* **TASK GOAL**
Pictures must be kept out of the copy. Every entry is to be duplicated exactly.
##### EXTRACTED INFORMATION #####
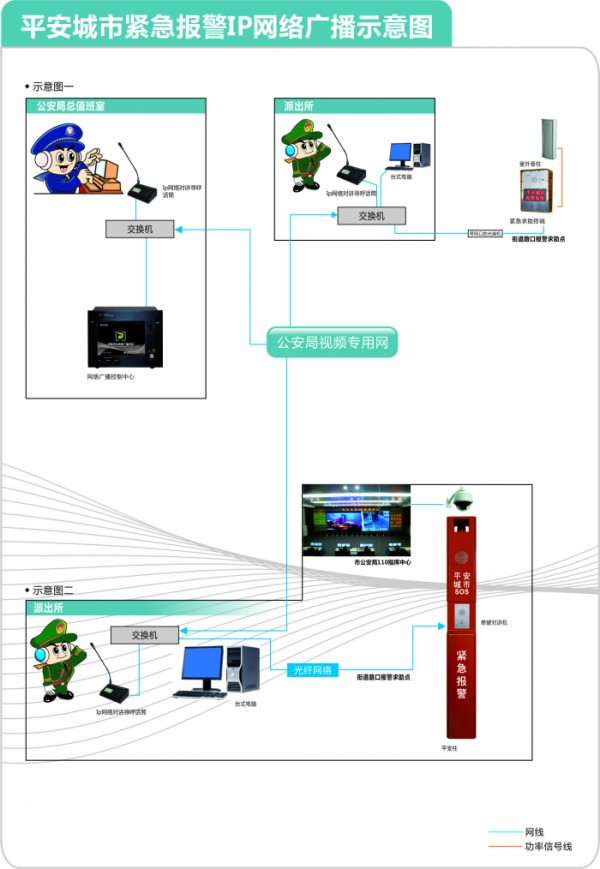 利用平安城市广播系统配合监控系统来使用。即一个监控点配置一个广播点位。并且在涉及公共安全的重要场所如国家机关、学校、银行、街道社区、商业繁华区和治安复杂路段,设置市民对讲警民联系点。使群众在日常生活中如遇重大紧急事件时,可利用本网络向公安机关紧急语音求助,实现警民双向对讲。
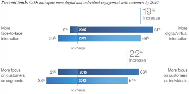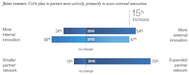 Всего за два года процент топ-менеджеров, которые не исключают возможности конкуренции с компаниями из других отраслей, вырос более чем на четверть, увеличившись с 43% в 2013 г. до 54% в 2015 г.
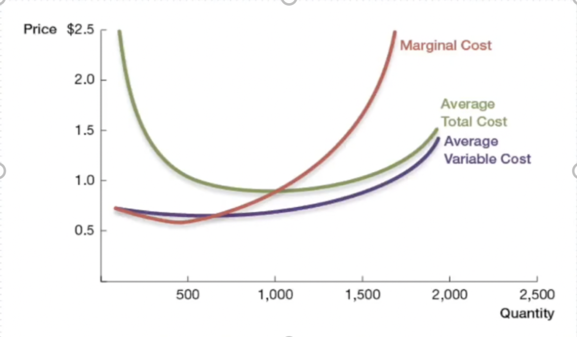 This occurs until higher levels, when the increase in average variable cost becomes greater and a larger component of ATC, bringing average costs up
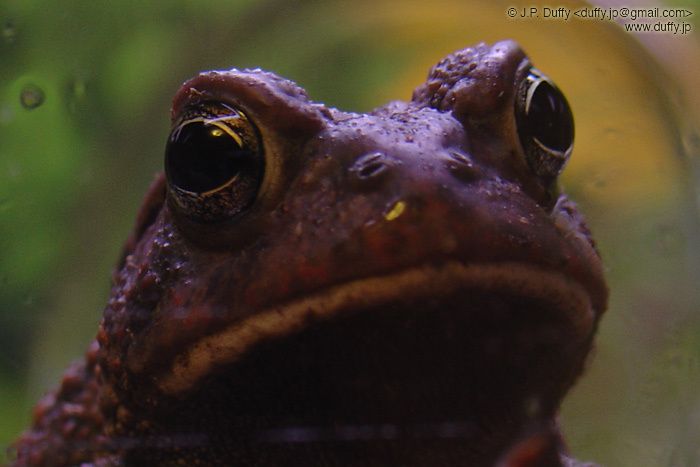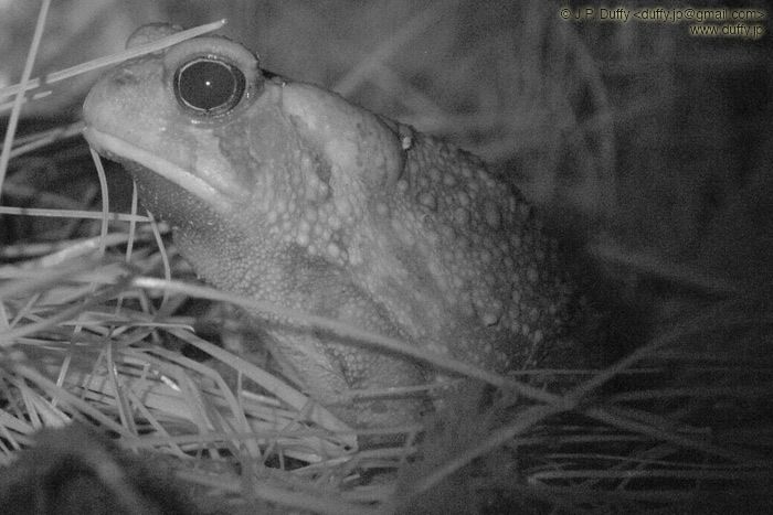 I took this picture in complete darkness at around 10pm. I used the infrared mode on my Sony Camera. I guess toads don't sleep at night.
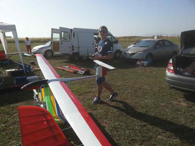 Το τηλεχειριστήριο σεταρίστηκε στο περίπου (εμπειρικά) στο έδαφος και για πρώτη φορά θα πετούσαμε με το γκάζι στο κουμπί και τα φλάπς στο στίκ του γκαζιού!!!
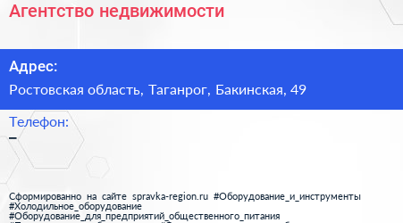 Агентство недвижимости по адресу Ростовская область, Таганрог, Бакинская, 49 в дальнейшем Организация, размещена в следующих категориях:
#####
* **SOLUTION**
 利用平安城市广播系统配合监控系统来使用。即一个监控点配置一个广播点位。并且在涉及公共安全的重要场所如国家机关、学校、银行、街道社区、商业繁华区和治安复杂路段,设置市民对讲警民联系点。使群众在日常生活中如遇重大紧急事件时,可利用本网络向公安机关紧急语音求助,实现警民双向对讲。
 Всего за два года процент топ-менеджеров, которые не исключают возможности конкуренции с компаниями из других отраслей, вырос более чем на четверть, увеличившись с 43% в 2013 г. до 54% в 2015 г.
 This occurs until higher levels, when the increase in average variable cost becomes greater and a larger component of ATC, bringing average costs up
 I took this picture in complete darkness at around 10pm. I used the infrared mode on my Sony Camera. I guess toads don't sleep at night.
 Το τηλεχειριστήριο σεταρίστηκε στο περίπου (εμπειρικά) στο έδαφος και για πρώτη φορά θα πετούσαμε με το γκάζι στο κουμπί και τα φλάπς στο στίκ του γκαζιού!!!
 Агентство недвижимости по адресу Ростовская область, Таганрог, Бакинская, 49 в дальнейшем Организация, размещена в следующих категориях:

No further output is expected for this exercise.